Die aus einer portugiesischen Ferienanlage entführte Madeleine ist wahrscheinlich das Opfer einer Bande geworden, die Kinder missbraucht. Das teilte Bundesjustizministerin Brigitte Zypries beim G-8-Innen- und Justizministertreffen in München mit. Nach den Ermittlungen müsse davon ausgegangen werden, dass es sich bei den Entführern der vierjährige Engländerin "um eine Bande handelt, die Kinder weitergibt zum Missbrauch", sagte Zypries.
Das Mädchen war am 2. Mai aus einer Ferienanlage an der Algarve verschwunden. Die Polizei verdächtigt einen 33-jährigen Briten, hat ihn nach seiner Vernehmung aber nicht verhaftet.
G8 wollen Kinder-Missbrauch bekämpfen
Die sieben führenden Industriestaaten und Russland (G8) wollen den sexuellen Missbrauch von Kindern und die Kinderpornografie massiv bekämpfen. Dafür soll die Zusammenarbeit der Behörden innerhalb und außerhalb der G8 verbessert werden. Auch die Tourismusbranche solle stärker einbezogen werden, betonte Zypries (SPD).
Bis Freitag wollen sich die Minister noch mit der Bedrohung durch den internationalen Terrorismus, mit der Integration von Zuwanderern und der Steuerung der Migration sowie mit dem Schutz des geistigen Eigentums befassen.
"Wir verurteilen kategorisch diejenigen, die Kinder durch die Herstellung von Darstellungen ihres sexuellen Missbrauchs und das Verteilen oder Sammeln derartiger Darstellungen sexuell ausbeuten", heißt es in einer von den Ministern verabschiedeten Erklärung. Die Verfolgung der Straftäter müsse energisch betrieben werden. Der Handel mit Kinderpornografie sei "ein globales Problem, das erschreckend schnell um sich greift".
Zusammenarbeit mit Tourismusbranche
Zypries strebt eine stärkere Zusammenarbeit mit der Tourismusbranche an. Wenn ein Deutscher in Thailand ein Kind missbrauche, müsse er wissen, dass ihm in Deutschland Anklage und Gefängnis drohten, so Zypries. Die Erfahrung zeige, dass Täter oft dorthin reisen, wo der Verfolgungsdruck am geringsten ist, erklärten die Minister. Deshalb müsse auch der im Ausland begangene Missbrauch konsequent bestraft werden. Rechtlich sei dies in allen G8-Staaten möglich. Wichtig sei, dass am Tatort umfassend, zeitnah und professionell Beweise gesichert würden, um die Strafverfolgung im Heimatland sicherzustellen. Um den Kampf gegen Kinderpornografie noch effektiver zu gestalten, sieht Zypries innerhalb der G8 noch Umsetzungsbedarf. In Deutschland müsse das Schutzalter von 16 auf 18 Jahre hochgesetzt werden.

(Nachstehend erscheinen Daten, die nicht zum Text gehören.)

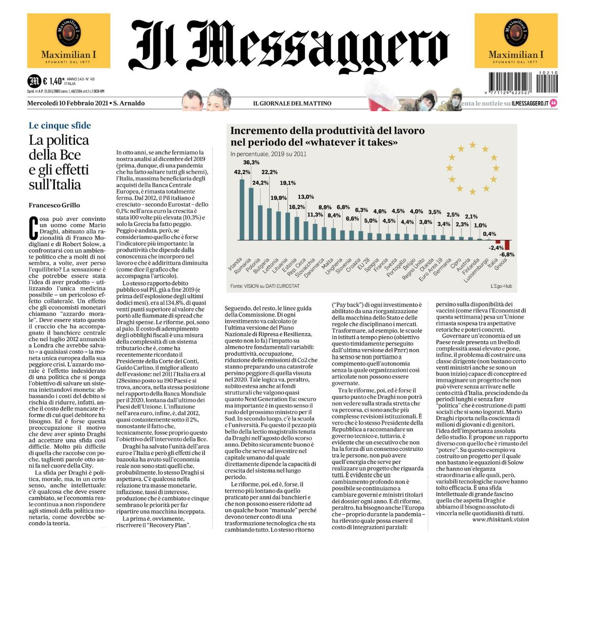 Tra le riforme, poi, ed è forse il quarto punto che Draghi non potrà non vedere sulla strada stretta che va percorsa, ci sono anche più complesse revisioni istituzionali. È vero che è lo stesso Presidente della Repubblica a raccomandare un governo tecnico e, tuttavia, è evidente che un esecutivo che non ha la forza di un consenso costruito tra le persone, non può avere quell’energia che servono per realizzare un progetto che riguarda tutti. È evidente che un cambiamento profondo non è possibile se continuiamo a cambiare governi e ministri titolari dei dossier ogni anno. E di riforme, peraltro, ha bisogno anche l’Europa che – proprio durante la pandemia – ha rilevato quale possa essere il costo di integrazioni parziali: persino sulla disponibilità dei vaccini (come rileva l’ECONOMIST di questa settimana) pesa un’Unione rimasta sospesa tra aspettative retoriche e poteri concreti.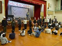 次に、全校でレクを行いました。「鬼滅じゃんけん」(6年生に連勝するとシールがもらえる)、「○○な6年生は誰だ?クイズ」(6年生に関する問題に挑戦するクイズ)、「無限列車じゃんけん」(じゃんけんで勝った人の後ろに負けた人がついていく)の3つです。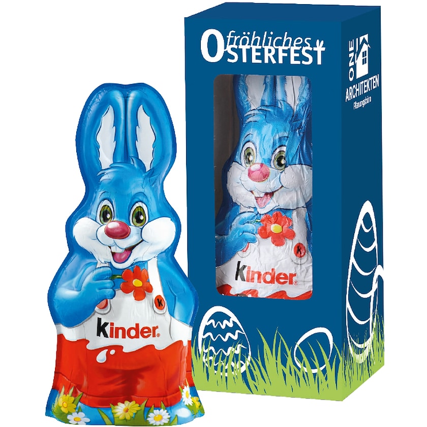 Harry the Bunny från Kinder i förpackning med ditt tryck. En favorit bland stora och små barn! Förpackningen är tillverkad av FSC-certifierad papper som har producerats klimatneutralt. Ladda ner tryckmallen och skapa din unika påskchoklad!

Besondere Bedeutung maßen die Minister in diesem Zusammenhang dem Internet bei. Der Einsatz von Computern stelle bei diesen Straftaten "nunmehr die Norm dar". Bei Interpol, dessen Generalsekretär Ronald Noble Gast in München war, soll eine Datenbank mit einschlägigen Bildern helfen, Verbrechen aufzuklären. Bundesinnenminister Wolfgang Schäuble (CDU) wies darauf hin, dass zehn Prozent jener, die im Internet kinderpornografische Bilder betrachteten, auch Kinder missbrauchen: "Die Nutzer sind auch Täter."

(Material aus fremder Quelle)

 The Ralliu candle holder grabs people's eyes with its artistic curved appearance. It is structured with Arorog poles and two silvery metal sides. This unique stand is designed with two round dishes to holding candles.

Auch bei dem zweiten wichtigen Thema der Konferenz, der Bekämpfung des Terrorismus, richten die Minister ein besonderes Augenmerk auf das Internet. Schäuble betonte auch hier die Bedeutung der internationalen Zusammenarbeit und eines verbesserten Austausches von relevanten Informationen, weil das Internet für terroristische Zwecke missbraucht werde.